Abstract: The basic idea behind the ontology is to conceptualize information that is published in electronic format. The problem of ontology alignment is defined as identifying the relationship shared by the set of different entities where each entity belongs to separate ontology. The amount of similarity between two entities from two different ontologies takes part into the ontology alignment process. There are several similarity measuring methods available in the existing literature for measuring the similarity between two discrete entities from different ontologies. To obtain a comprehensive and precise result, all the similarity measures are integrated. One of the ways to combine the various similarity measures is weight-based similarity aggregation. Usually the weights with respect to various similarity measures are assigned manually or through some method.

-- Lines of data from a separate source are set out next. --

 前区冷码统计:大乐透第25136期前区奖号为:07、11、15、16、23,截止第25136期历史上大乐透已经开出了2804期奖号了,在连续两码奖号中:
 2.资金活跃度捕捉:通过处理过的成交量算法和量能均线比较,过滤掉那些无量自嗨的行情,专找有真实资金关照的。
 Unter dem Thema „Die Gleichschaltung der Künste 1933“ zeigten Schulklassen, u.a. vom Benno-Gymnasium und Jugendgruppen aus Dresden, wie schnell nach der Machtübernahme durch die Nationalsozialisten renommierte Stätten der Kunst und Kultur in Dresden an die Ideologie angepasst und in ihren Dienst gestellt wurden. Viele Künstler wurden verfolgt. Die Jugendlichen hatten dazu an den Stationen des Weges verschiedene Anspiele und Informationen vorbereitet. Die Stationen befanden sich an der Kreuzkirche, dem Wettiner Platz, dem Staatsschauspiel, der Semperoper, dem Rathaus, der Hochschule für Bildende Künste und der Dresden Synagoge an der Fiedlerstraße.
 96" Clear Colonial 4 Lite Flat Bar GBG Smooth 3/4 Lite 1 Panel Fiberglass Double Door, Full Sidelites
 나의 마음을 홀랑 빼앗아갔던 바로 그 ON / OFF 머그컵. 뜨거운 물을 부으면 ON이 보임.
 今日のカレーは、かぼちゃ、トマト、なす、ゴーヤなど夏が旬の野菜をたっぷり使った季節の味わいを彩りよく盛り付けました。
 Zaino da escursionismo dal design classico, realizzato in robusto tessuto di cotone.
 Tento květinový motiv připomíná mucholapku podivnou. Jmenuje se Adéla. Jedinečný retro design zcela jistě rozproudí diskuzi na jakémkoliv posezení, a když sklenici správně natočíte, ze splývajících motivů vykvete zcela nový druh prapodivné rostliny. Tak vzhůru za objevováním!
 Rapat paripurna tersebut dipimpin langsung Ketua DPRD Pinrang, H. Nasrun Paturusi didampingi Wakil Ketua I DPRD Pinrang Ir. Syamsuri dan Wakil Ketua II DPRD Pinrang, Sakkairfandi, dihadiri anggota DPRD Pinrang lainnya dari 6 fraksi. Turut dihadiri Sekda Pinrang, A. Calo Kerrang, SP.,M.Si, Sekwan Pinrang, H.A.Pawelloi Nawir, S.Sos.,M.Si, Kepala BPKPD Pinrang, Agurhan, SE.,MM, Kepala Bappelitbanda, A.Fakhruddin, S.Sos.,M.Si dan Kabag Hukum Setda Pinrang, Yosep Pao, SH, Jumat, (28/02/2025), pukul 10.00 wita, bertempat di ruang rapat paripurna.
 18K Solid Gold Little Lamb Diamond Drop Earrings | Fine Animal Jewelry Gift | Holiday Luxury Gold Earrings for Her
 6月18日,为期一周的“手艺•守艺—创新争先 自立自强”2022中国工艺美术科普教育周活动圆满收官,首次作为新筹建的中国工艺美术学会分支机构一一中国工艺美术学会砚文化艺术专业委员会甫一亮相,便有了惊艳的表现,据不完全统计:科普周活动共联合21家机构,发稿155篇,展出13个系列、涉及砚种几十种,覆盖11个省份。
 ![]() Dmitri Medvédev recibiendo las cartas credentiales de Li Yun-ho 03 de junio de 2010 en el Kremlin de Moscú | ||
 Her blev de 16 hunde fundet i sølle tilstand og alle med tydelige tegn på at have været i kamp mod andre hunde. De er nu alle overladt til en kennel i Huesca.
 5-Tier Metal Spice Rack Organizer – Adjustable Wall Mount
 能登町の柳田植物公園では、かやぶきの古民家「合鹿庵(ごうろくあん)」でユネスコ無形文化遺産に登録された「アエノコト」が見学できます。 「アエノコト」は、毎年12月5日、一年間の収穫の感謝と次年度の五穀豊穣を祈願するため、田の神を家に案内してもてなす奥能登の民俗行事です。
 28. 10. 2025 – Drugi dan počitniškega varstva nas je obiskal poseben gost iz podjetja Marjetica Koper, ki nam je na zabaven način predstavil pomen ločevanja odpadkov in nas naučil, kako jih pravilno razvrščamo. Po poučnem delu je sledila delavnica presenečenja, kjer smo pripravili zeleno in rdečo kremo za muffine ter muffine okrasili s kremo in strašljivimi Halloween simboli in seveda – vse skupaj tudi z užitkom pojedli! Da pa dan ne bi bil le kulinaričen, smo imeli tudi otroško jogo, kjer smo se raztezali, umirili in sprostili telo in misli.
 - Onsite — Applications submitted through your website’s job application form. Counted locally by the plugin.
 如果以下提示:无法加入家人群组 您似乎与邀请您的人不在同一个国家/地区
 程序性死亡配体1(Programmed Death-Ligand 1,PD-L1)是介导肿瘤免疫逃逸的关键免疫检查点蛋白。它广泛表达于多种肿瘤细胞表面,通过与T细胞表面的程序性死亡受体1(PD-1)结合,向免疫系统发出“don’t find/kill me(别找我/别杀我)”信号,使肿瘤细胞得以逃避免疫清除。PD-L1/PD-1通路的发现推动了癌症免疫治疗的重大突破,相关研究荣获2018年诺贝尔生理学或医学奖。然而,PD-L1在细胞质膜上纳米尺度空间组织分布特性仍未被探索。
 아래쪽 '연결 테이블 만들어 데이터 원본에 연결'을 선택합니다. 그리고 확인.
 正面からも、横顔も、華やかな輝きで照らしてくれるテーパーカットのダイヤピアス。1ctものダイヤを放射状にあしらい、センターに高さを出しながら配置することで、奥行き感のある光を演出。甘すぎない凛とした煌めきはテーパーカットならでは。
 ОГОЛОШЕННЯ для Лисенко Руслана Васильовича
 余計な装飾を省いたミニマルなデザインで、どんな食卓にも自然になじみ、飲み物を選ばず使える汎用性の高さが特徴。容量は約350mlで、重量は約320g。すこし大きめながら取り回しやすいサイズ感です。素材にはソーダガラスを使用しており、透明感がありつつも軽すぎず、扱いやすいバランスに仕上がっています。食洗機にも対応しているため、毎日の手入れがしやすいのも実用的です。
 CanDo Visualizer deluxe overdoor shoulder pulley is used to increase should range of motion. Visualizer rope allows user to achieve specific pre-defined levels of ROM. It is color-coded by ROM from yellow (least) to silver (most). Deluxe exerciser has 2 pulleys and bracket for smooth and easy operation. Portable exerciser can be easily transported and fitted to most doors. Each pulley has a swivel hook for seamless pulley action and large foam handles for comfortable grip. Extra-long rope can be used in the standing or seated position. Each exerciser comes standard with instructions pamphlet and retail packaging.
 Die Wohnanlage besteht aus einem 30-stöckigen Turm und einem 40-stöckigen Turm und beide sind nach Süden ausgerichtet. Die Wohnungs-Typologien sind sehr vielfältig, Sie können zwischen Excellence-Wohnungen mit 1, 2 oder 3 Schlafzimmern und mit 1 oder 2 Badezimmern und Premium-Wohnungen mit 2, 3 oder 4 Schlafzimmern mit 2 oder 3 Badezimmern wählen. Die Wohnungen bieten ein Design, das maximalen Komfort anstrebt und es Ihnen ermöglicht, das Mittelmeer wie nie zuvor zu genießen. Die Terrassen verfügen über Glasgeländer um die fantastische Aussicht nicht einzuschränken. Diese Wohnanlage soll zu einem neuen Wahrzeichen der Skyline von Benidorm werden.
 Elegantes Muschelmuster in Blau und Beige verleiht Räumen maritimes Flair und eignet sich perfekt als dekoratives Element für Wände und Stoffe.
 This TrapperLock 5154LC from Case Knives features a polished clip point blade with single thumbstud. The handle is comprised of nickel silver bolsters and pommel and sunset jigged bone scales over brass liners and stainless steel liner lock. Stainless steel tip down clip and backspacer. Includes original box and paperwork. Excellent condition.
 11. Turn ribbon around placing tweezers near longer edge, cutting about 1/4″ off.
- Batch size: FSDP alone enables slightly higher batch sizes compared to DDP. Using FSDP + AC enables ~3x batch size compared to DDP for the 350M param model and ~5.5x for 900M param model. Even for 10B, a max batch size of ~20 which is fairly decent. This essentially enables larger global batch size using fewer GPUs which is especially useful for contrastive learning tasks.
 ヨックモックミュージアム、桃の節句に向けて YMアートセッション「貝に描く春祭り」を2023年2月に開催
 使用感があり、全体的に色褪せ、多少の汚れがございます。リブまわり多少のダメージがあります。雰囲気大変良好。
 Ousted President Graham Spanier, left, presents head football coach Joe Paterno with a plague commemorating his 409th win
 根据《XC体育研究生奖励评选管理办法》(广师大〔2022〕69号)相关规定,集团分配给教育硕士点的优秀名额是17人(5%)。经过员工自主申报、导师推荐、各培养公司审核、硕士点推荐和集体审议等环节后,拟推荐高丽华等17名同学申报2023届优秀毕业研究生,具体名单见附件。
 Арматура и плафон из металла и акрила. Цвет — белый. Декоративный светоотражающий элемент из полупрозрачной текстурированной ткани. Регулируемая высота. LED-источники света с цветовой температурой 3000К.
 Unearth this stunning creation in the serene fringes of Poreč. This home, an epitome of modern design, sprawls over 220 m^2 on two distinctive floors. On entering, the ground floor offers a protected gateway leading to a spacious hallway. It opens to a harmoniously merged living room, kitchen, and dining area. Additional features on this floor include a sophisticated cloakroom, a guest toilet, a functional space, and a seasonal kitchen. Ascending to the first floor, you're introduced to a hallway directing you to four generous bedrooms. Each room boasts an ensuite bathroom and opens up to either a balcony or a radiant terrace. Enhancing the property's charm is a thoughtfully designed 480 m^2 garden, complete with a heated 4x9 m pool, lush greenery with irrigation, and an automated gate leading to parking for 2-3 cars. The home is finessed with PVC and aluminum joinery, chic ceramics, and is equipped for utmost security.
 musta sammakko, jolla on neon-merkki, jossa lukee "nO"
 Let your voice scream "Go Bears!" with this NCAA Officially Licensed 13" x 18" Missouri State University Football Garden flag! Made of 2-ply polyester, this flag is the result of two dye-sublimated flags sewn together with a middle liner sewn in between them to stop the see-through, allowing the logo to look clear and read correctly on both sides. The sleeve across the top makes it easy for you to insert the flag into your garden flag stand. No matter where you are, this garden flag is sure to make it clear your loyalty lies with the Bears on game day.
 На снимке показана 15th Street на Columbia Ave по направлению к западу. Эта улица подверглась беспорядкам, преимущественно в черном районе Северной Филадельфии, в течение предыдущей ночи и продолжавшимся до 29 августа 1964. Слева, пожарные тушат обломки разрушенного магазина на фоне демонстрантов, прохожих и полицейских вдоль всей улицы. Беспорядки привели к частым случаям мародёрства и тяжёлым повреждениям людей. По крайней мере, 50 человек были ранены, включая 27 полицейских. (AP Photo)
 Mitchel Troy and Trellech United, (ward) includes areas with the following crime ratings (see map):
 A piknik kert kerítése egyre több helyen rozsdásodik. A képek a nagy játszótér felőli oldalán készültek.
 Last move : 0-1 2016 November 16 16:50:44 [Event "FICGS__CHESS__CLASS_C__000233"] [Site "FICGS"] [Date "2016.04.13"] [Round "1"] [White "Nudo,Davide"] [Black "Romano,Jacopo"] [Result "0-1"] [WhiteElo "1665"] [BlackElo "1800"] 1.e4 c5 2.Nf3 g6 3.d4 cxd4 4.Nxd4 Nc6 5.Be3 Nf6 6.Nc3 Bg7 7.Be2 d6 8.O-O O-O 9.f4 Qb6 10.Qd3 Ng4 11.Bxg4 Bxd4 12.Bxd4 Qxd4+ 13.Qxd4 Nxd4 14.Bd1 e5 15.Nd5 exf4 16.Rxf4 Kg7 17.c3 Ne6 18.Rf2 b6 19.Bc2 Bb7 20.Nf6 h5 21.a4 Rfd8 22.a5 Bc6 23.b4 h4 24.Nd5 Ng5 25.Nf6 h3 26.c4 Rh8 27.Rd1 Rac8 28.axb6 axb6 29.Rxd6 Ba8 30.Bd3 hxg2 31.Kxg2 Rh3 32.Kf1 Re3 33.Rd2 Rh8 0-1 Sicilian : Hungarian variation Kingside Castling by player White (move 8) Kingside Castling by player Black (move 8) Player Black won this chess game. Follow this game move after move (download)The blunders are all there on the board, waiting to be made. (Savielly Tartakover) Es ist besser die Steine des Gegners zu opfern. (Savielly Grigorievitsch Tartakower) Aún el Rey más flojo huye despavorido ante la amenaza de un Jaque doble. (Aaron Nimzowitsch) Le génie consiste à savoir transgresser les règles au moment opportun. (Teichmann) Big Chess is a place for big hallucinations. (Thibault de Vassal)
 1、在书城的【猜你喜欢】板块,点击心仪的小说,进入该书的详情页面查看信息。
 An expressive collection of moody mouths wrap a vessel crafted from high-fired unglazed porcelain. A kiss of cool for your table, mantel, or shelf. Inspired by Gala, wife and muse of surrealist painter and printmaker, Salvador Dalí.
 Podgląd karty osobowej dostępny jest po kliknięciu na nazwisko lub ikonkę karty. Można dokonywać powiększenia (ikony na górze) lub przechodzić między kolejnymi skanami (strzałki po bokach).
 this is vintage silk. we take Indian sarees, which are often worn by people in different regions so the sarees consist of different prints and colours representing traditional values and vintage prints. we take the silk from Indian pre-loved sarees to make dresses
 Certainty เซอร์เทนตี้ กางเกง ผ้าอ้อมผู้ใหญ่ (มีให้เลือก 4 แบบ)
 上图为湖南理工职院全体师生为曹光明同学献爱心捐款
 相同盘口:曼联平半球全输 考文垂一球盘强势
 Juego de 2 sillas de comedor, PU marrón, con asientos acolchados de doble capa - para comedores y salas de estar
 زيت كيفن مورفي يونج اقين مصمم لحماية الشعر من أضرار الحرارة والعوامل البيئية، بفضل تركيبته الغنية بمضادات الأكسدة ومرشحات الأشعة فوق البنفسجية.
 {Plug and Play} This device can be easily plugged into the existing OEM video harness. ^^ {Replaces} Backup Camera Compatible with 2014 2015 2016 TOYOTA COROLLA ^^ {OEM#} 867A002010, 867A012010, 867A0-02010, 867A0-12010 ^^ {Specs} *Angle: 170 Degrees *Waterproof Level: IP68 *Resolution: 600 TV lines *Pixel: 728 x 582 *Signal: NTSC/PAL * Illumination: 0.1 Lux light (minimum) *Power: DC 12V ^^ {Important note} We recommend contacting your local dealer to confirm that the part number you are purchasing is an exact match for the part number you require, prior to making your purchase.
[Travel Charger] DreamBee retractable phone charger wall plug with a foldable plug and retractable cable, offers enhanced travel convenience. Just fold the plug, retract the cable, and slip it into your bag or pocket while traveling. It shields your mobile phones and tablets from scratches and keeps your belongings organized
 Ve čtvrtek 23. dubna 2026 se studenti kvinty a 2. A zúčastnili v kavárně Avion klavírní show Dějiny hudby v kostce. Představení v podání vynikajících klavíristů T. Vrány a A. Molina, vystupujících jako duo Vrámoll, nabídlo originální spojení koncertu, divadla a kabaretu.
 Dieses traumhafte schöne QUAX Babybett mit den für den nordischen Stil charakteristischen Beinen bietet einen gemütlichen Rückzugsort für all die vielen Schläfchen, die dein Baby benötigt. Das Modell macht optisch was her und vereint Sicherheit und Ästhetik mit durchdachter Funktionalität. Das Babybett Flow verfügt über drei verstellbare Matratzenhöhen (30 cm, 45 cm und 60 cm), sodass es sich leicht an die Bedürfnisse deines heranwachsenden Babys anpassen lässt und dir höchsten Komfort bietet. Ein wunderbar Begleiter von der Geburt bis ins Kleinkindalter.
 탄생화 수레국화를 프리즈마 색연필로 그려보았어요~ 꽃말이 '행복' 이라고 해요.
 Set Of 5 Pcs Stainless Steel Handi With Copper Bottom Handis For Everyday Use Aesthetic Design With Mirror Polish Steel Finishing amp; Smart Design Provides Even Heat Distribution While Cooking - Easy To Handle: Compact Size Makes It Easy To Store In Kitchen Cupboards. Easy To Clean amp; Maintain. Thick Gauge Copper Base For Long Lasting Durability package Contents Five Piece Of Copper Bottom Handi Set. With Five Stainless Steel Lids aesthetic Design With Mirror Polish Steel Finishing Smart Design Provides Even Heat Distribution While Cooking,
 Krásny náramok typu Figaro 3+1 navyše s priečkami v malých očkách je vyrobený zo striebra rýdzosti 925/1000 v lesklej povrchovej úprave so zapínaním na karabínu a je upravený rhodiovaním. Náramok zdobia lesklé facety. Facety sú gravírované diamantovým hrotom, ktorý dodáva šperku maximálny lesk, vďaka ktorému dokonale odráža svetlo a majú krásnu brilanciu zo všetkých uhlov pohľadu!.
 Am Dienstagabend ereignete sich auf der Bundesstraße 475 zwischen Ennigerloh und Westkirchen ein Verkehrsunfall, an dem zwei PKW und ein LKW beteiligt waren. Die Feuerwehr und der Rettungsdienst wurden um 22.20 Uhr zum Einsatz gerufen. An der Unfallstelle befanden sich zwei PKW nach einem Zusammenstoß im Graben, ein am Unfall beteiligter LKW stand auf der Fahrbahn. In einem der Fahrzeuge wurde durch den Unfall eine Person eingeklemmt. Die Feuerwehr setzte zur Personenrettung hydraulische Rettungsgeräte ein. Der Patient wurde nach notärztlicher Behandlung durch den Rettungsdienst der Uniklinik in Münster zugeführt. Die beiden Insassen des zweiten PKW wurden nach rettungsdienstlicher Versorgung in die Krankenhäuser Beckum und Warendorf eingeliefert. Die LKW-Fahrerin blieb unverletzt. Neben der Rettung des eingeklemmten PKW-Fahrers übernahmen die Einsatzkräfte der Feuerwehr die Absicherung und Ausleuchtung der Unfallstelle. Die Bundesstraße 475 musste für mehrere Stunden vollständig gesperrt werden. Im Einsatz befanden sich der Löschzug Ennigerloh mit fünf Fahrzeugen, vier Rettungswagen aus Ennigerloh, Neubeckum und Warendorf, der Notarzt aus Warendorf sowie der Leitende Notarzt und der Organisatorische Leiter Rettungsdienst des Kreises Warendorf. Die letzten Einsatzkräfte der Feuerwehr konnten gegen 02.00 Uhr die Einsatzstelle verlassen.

But most of the existing techniques suffer from lack of optimality. Also many evolutionary based approaches are available to find the optimal solution for weight-based similarity aggregation but they are designed as single objective optimization problem. This fact has inspired us to develop a multiobjective particle swarm based optimization algorithm for generating optimal weight based similarity aggregation to get a optimal alignment. In this article, two objectives precision and recall are simultaneously optimized. Moreover a local search is conducted for replacing the worst population in the new generation by best population acquired from the history. The proposed study is evaluated using an artificial data set and performance of the proposed method is compared with that of its single objective versions.


Keywords: ontology alignment, particle swarm optimization, multiobjective optimization, f-score.